The City of London’s appetite for more steel-and-glass skyscrapers shows no sign of relenting, unaffected by either the global pandemic or the climate emergency.

In the first few months of 2021, three office towers, all taller than 145 meters, were approved by the City of London Corporation. They join three consented towers given the green light in the past few years  – two of which are more than 250 meters tall, plus a further three under construction and another two in the planning process.

Patrick Wong, chief executive of Tenacity,  Hong Kong-based developer behind two of the huge high-rise projects recently waved through in the Square Mile, is among those pushing the current drive to build more and to build quickly. He wants to crack on with his schemes “as soon as practically possible.”

At the same time, the City, in its just-released draft Local Plan, has spelt out how it aims to open up even more areas for potential skyscraper schemes both north and south of its existing cluster. The move could see tall buildings thrown up over a wider part of the City.

“Tall buildings of world-class architecture and sustainable and accessible design will be encouraged,” confirms Alastair Moss, who chairs the City of London’s planning committee.

 “The planning pipeline is extremely busy and continues to show ongoing and increasing developer interest in tall buildings providing significant floor space in the City of London.”

But, despite the fanfare for new London office towers from developers and investors, many of whom are based overseas, the sector is facing some of its biggest challenges yet.

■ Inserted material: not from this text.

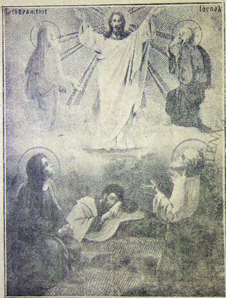
Θαβώρ καὶ Ἐριμών ἐν τῷ ὄρει σὺν ἀγγελοῖς

«Οὗτος ἐστὶν ὁ υἱός μου ὁ ἀγαπητός· αὐτοῦ ἀκούετε» (Λουκ. Θ. 35. Ματθ. 17 δ. Μαρκ. Θ. 8.)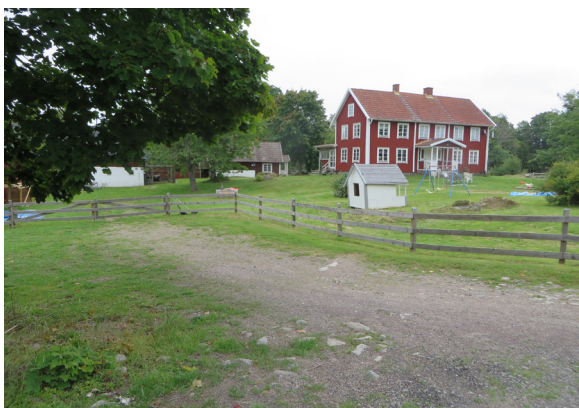
En av Kallemålas mangårdsbyggnader, med framkammarslugans karaktär.

A major issue is the current collapse in the central London office-leasing market, caused by government-sanctioned home working for most employees during the Covid pandemic. Doubts remain about whether workers will ever return to offices full-time in the same numbers as pre-pandemic.

Can the glut of shiny new office space coming to the City of London still be shifted for a profit when home working or hybrid working cuts demand for desk space? And, if it can, where does that leave the swathes of existing, and increasingly empty, office space?

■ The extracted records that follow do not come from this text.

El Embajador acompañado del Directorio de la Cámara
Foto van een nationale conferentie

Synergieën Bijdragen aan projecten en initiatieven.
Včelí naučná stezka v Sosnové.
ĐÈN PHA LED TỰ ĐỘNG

Added to this is the looming issue of the climate emergency – a growing concern for politicians, businesses, and the public alike. “It seems crazy to be building like this amid a climate crisis,” argues Simon Sturgis, an architect advocating net zero carbon design through his practice, Targeting Zero.

“The design of office towers hasn’t evolved,” he says. “It’s a 20th-century typology which we should be moving on from. Quite soon banks are going to shy away from these buildings as [maintaining them] will pose too a big a risk,” he told the AJ Summit last month.

So how are architects and developers redesigning – and future-proofing – the office tower? And when do experts predict an end to the seemingly insatiable enthusiasm for City of London skyscrapers – if ever?

Over the past year, the amount of empty office space in central London significantly exceeded the amount of space that was newly leased. According to real estate firm CBRE, roughly 2.3 million square meters of office space was available to let in central London in February 2021 –almost double the 1.2 million square meters reported in February 2020. This surplus can be explained by take-up rates: in the year to February 2020, about 1.2 million square meters had been leased in central London, compared with just 465,000 square meters in the year to February 2021. Of course, due to the pandemic, the new figures cover an “unprecedented” 12-month period. But the data also reflects a once-in-a-lifetime seismic shift towards home working, which is unlikely to completely disappear, even if the coronavirus does.

While the future level of home working is hard to predict and will vary by industry and sector, it looks likely that businesses will be consolidating their office floor space over the coming years as lease agreements end.

A survey by commercial estate agency Cushman & Wakefield and George Washington University found that 80 percent of businesses are expecting to switch to hybrid working in the future, while some companies, such as newspaper publisher Reach, have already said they will scrap almost all their London office space.

“Companies will still need space for days when most employees are in, and there will be a shift towards less densely populated offices”

Demand for Square Mile offices could also shift to outer London or even other cities. Firms such as Legal & General are lobbying the government to incentivise home working and working from local desk space as a way of promoting regeneration outside of central London.

The number of workers in the capital has also decreased. London’s population has tumbled by about 700,000 people, led by an exodus of foreign-born residents since the start of the pandemic, according to the government-funded Economic Statistics Centre for Excellence.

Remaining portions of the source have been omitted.